For a small business, that combination - capable AI, zero recurring cost, total data privacy - is rare enough to understand even if you decide it is not right for you today.
When a small business should actually use it
Three honest use cases we put in front of clients:
1. Any task involving regulated client data. HIPAA-covered patient information, GLBA-covered financial details, attorney-client privileged material, employment investigation notes. Anything where putting the data into ChatGPT or Claude would require a Data Processing Addendum, an acceptable-use policy, and a security questionnaire. Putting it into a local Ollama model requires none of those, because the data never leaves the machine.
2. Workflows that would be expensive at the API rate. Bulk-summarizing a backlog of voicemail transcripts. Re-categorizing five years of email. Translating internal documentation into Spanish for a bilingual office. The kind of one-time, large-volume jobs where the per-token cost of a frontier API adds up. The local model is slower per request, but the per-request cost is zero.
3. Offline reliability. Field offices, job-site trailers, boats, rural properties - anywhere the internet drops for hours at a time. A cloud AI is dead weight. An Ollama-equipped laptop keeps working with no signal at all, which matters more than people expect until the day they need it.
When to skip it
Be honest about this too. Ollama is not the right tool for:
- Daily-driver chat for non-technical staff. The experience is rougher than ChatGPT or Claude. Your bookkeeper will find it more annoying.
- Tasks where you want frontier-quality output. The best open models in 2026 are excellent, but the top cloud models are still meaningfully sharper at hard reasoning, complex code, and nuanced writing. For a tricky client email, use a frontier API.

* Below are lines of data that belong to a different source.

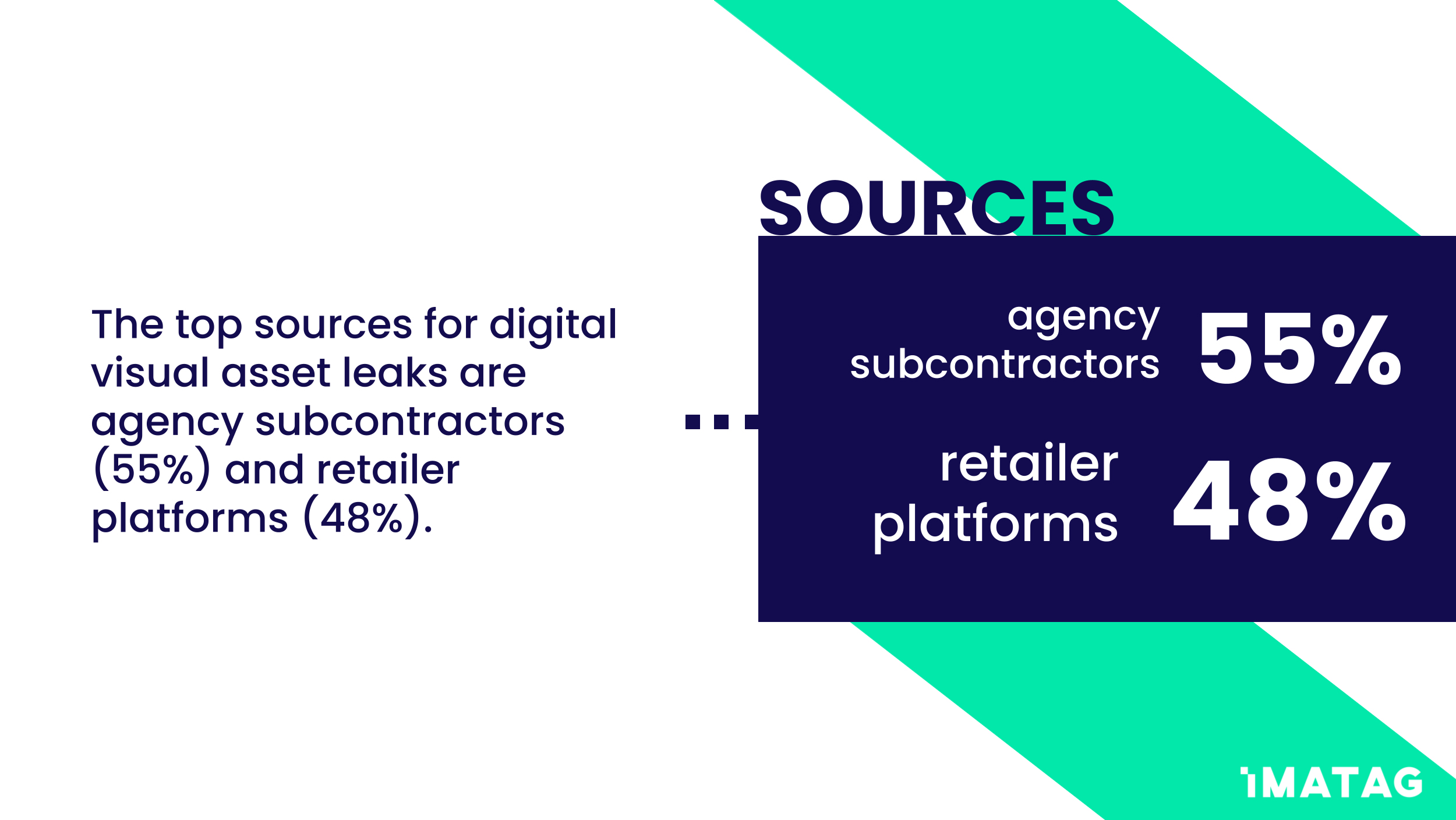 The top sources for digital asset leaks are agency subcontractors and retailer platforms. Other sources are lack of protection on mobile devices and office equipment, lost phones/laptops with non-protected images, and staff members sharing content with third parties outside the company (not realizing the material was confidential).
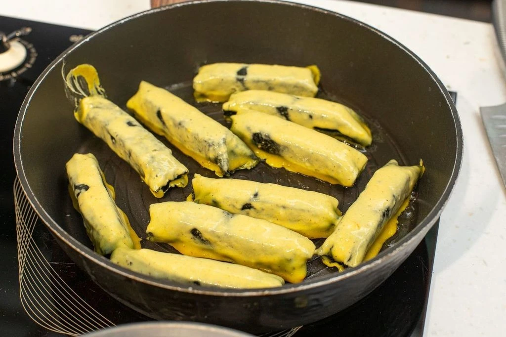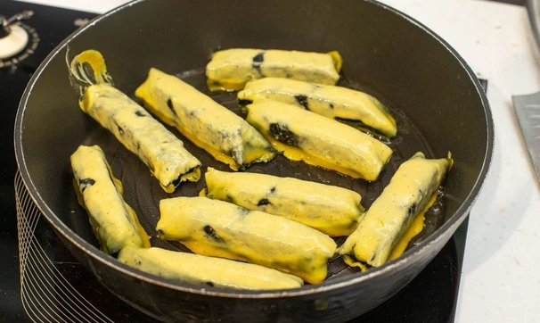 Обмакните все брусочки в кляре со всех сторон и выложите на разогретую с маслом сковороду.
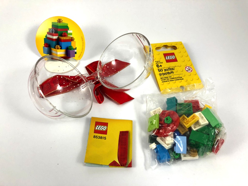 Les deux décorations se présentent de la même manière : une boule transparente dans laquelle se trouve un carton avec une photo du modèle construit, un sachet de pièces, et une notice d’instructions pliée. Cette boule est maintenue fermée par un ruban rouge orné de briques LEGO et deux morceaux de scotch, le tout est accroché sur un présentoir avec une grande « étiquette » jaune. À noter que le noeud est cousu : impossible de le défaire.

- Office laptops without a real GPU. Ollama runs CPU-only, but the experience is painful.
The hardware floor
This is the one place a small business actually has to spend money, so be realistic about the minimum:
- Apple Silicon Mac (simplest). A 2024-or-newer Mac with at least 16 GB - ideally 32 GB - of unified memory runs small and mid-size models comfortably. A good starting point is a current Mac mini with 16 32 GB unified memory.
- Windows/Linux laptop or desktop with a discrete GPU. The model has to fit in the card's VRAM to run fast, so aim for 16 GB or more: a 16 GB class NVIDIA GPU.

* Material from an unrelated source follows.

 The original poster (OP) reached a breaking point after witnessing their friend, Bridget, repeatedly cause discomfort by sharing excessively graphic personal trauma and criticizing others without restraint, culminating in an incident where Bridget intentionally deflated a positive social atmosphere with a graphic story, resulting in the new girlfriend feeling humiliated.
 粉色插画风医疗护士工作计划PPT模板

- Fast storage for the model files. Models are several gigabytes each and you will collect a few: a 1 TB NVMe SSD.
For a deeper office-wide build (multi-user, always-on), see our on-prem AI hardware guide.
The ten-minute install
This is the entire setup, end to end:
- Download Ollama from ollama.com/download. Mac, Windows, and Linux installers are on the same page.
- Open the app. On Mac it lives in the menu bar; on Windows, the system tray. There is no UI to click through - Ollama is a background server.

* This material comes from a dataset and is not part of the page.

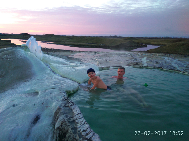 Я честно не рискнула раздеться. Но все еще впереди )) А так погода прикольная. Солнышко и плюс 15, снега нет )
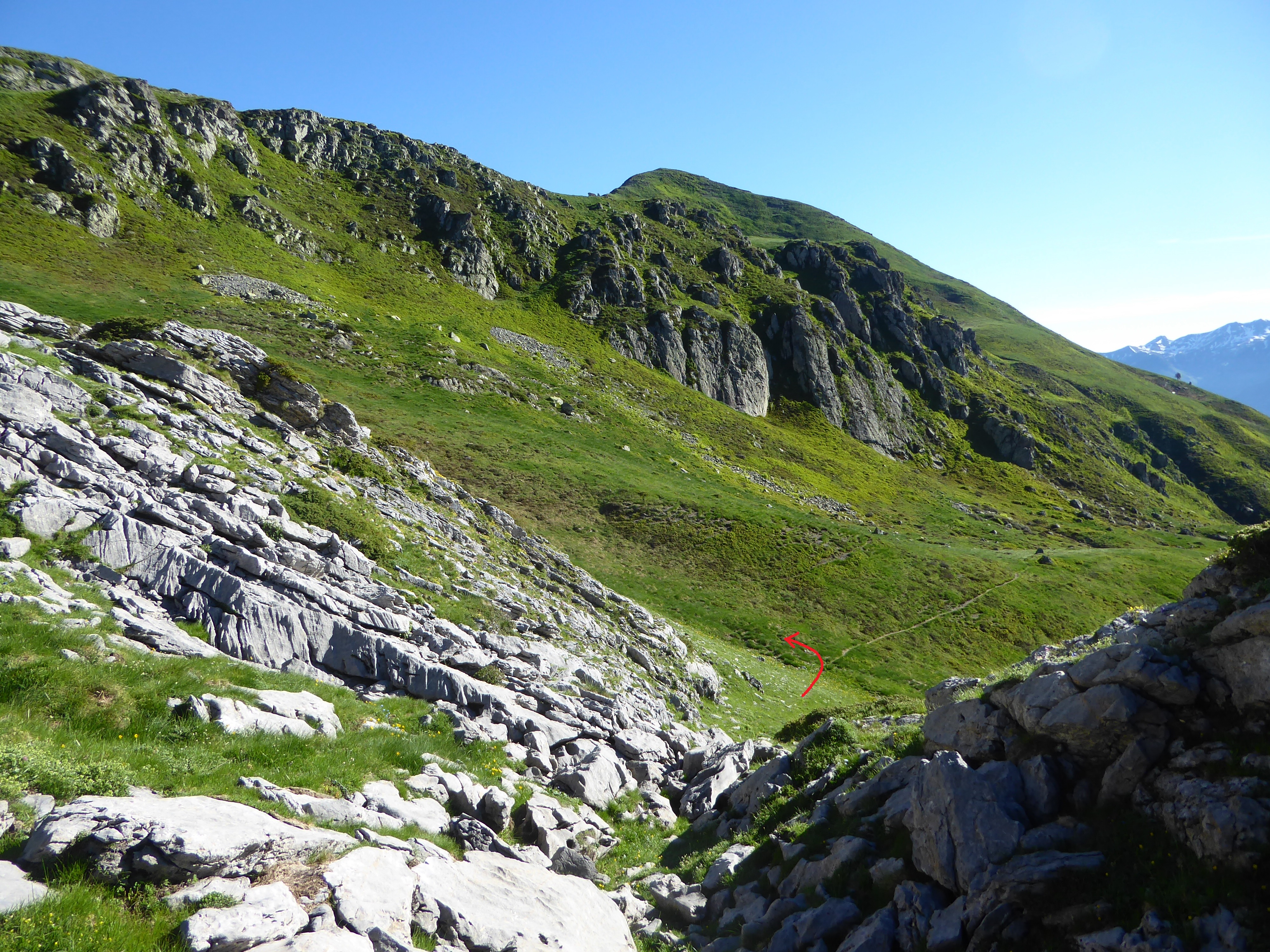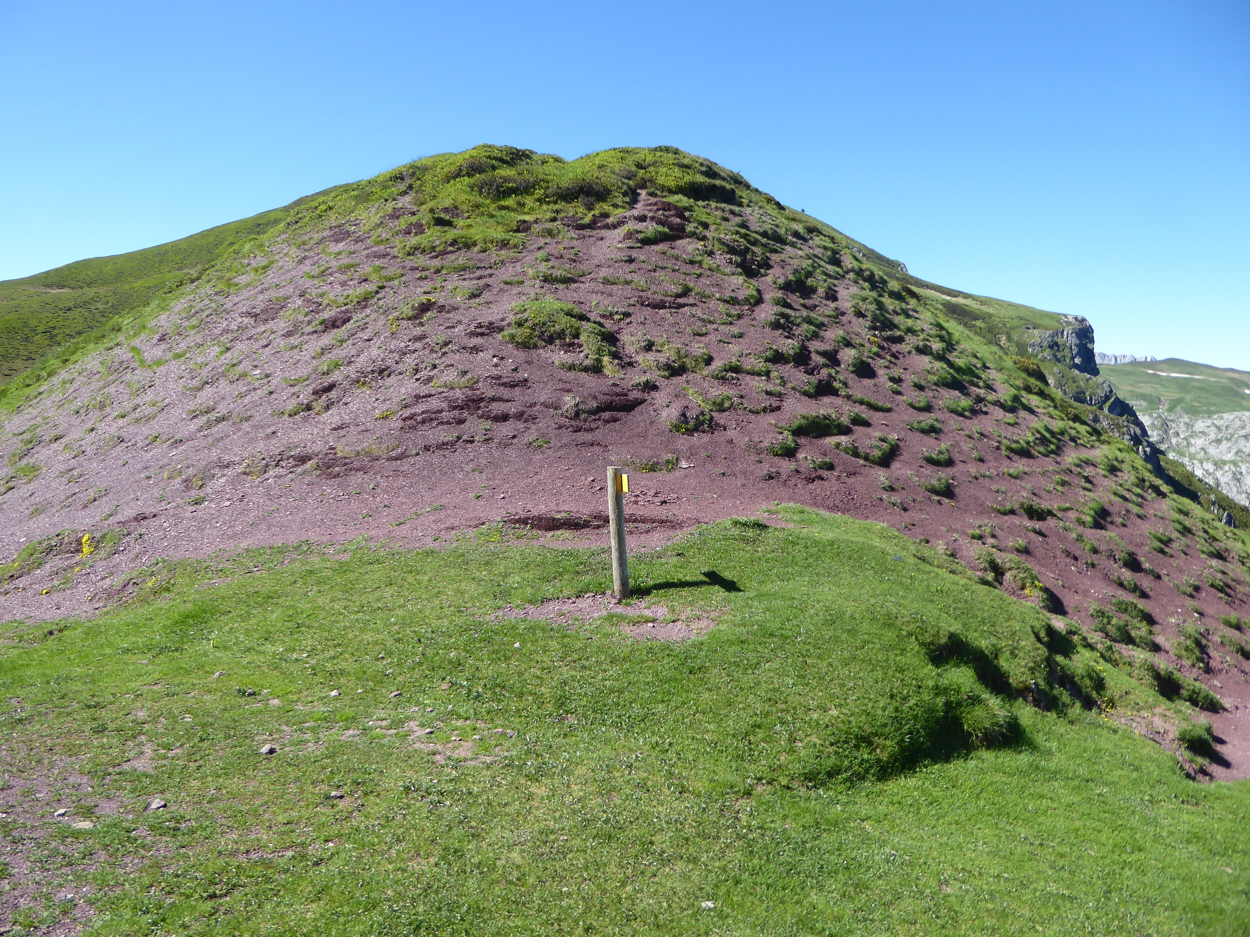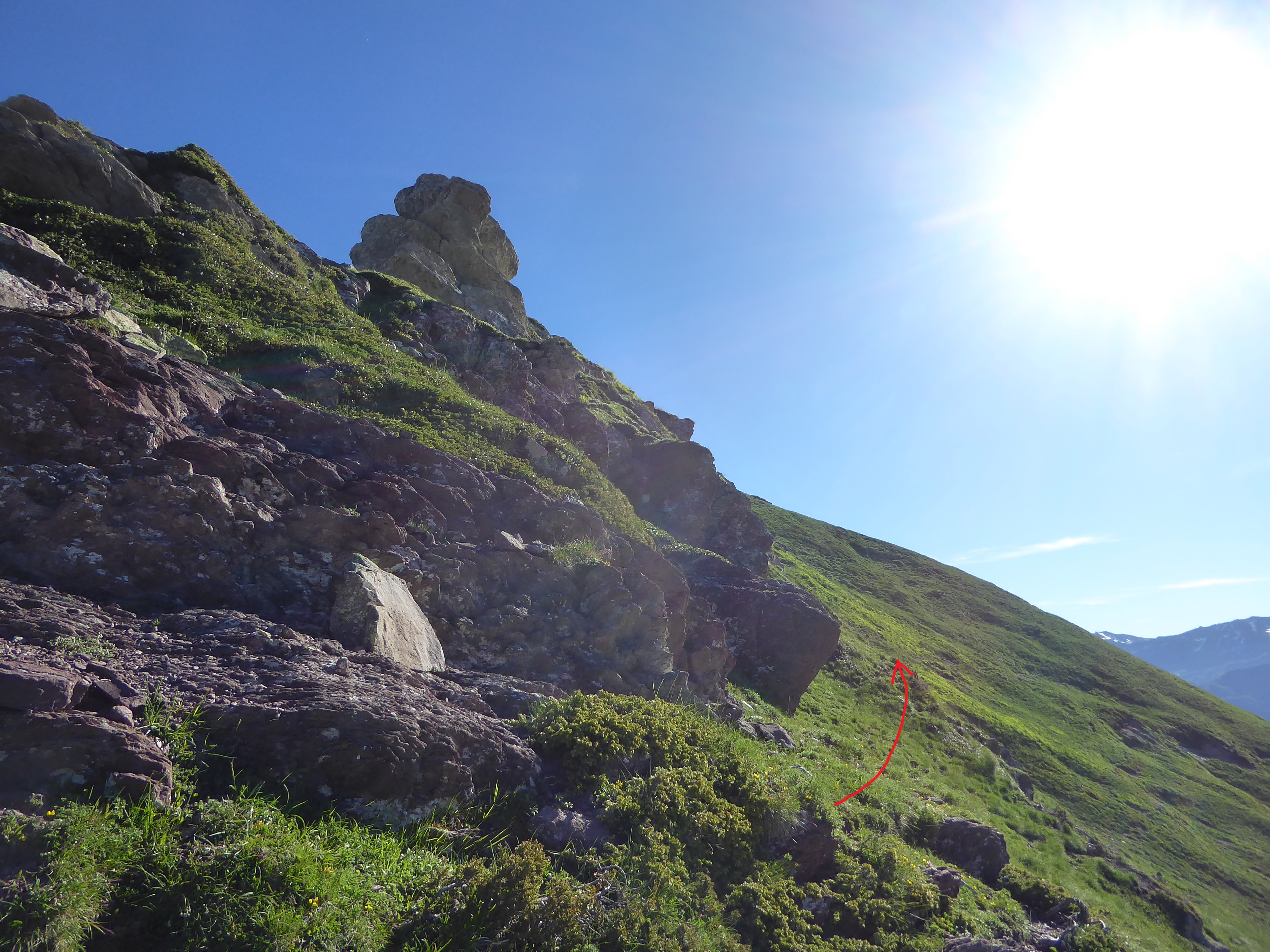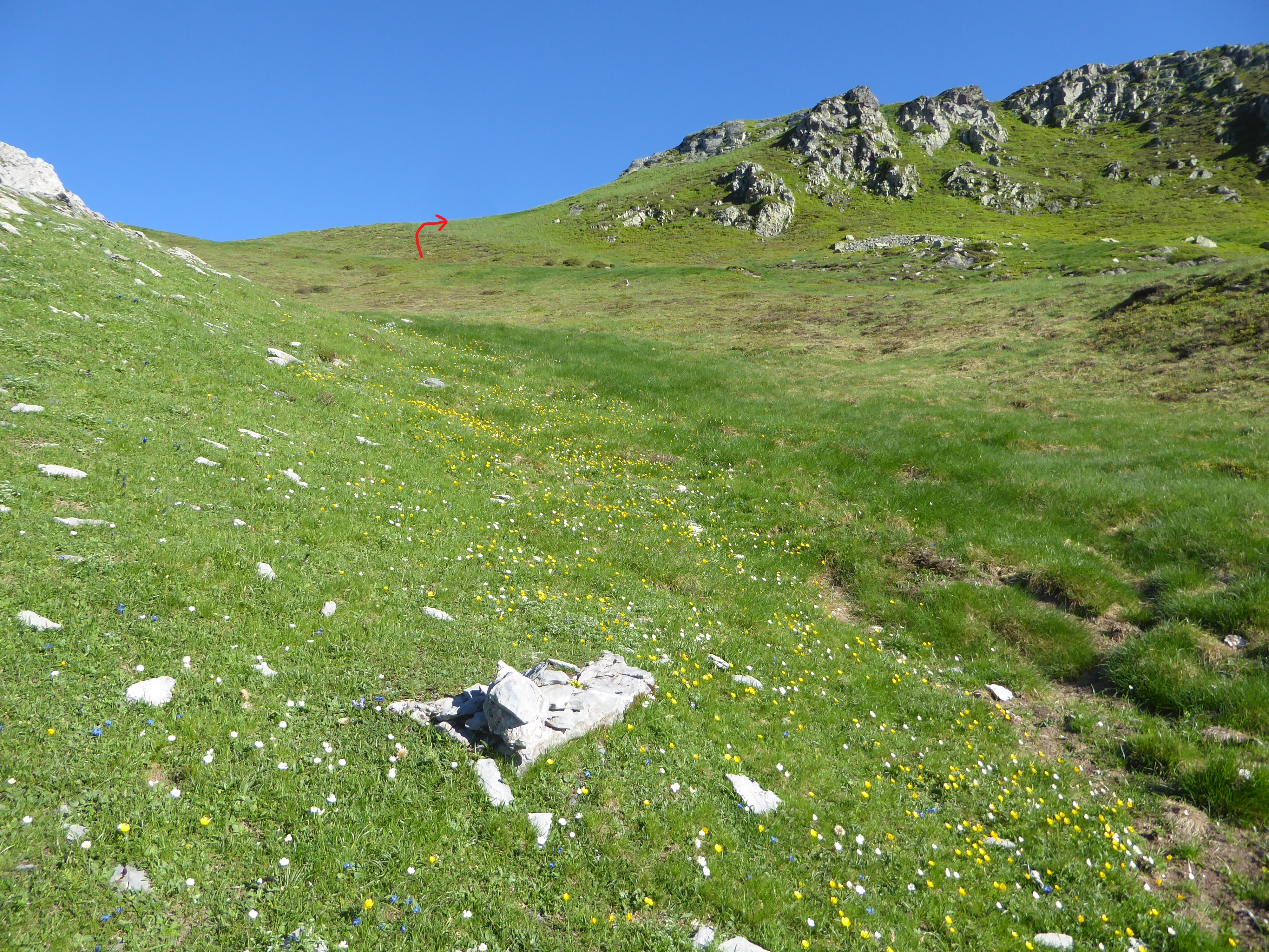 Au fameux cairn précédemment évoqué, monter hors sentier cette pente herbeuse pour rejoindre le fil de crête sur la droite direction Table de Souperret

- Open a terminal (Terminal on Mac, PowerShell on Windows) and pull a model:
ollama pull llama3.2
That downloads the Llama 3.2 model (about 2 GB) to your machine. Replace llama3.2 with hermes4, mistral, qwen3, or any other model from ollama.com/library.
- In the same terminal, run the model:
ollama run llama3.2
You are now chatting with the model. That is the whole install.
From here you can keep using the terminal, install a UI like Open WebUI on top, or wire Ollama into other software via its built-in HTTP API (it listens on localhost:11434 by default).
Which model to pull
The library is large and grows weekly. The picks we usually start clients with:
llama3.2:3b- Meta's small Llama. Fits easily on a laptop and is fast. Good for summarization and short writing. The "everyone should have this" baseline.hermes4- the Nous Research Hermes line strips the corporate-assistant tuning and gives direct answers. A good pick for legal, medical, and sensitive subject matter the corporate models flinch at.mistral-small- Mistral's workhorse. Strong on European languages and structured output. The pick for any office doing real work in a non-English language.qwen3:14b- strong on coding and reasoning. The right pick if you have a workstation-class GPU and want the closest-to-frontier open model.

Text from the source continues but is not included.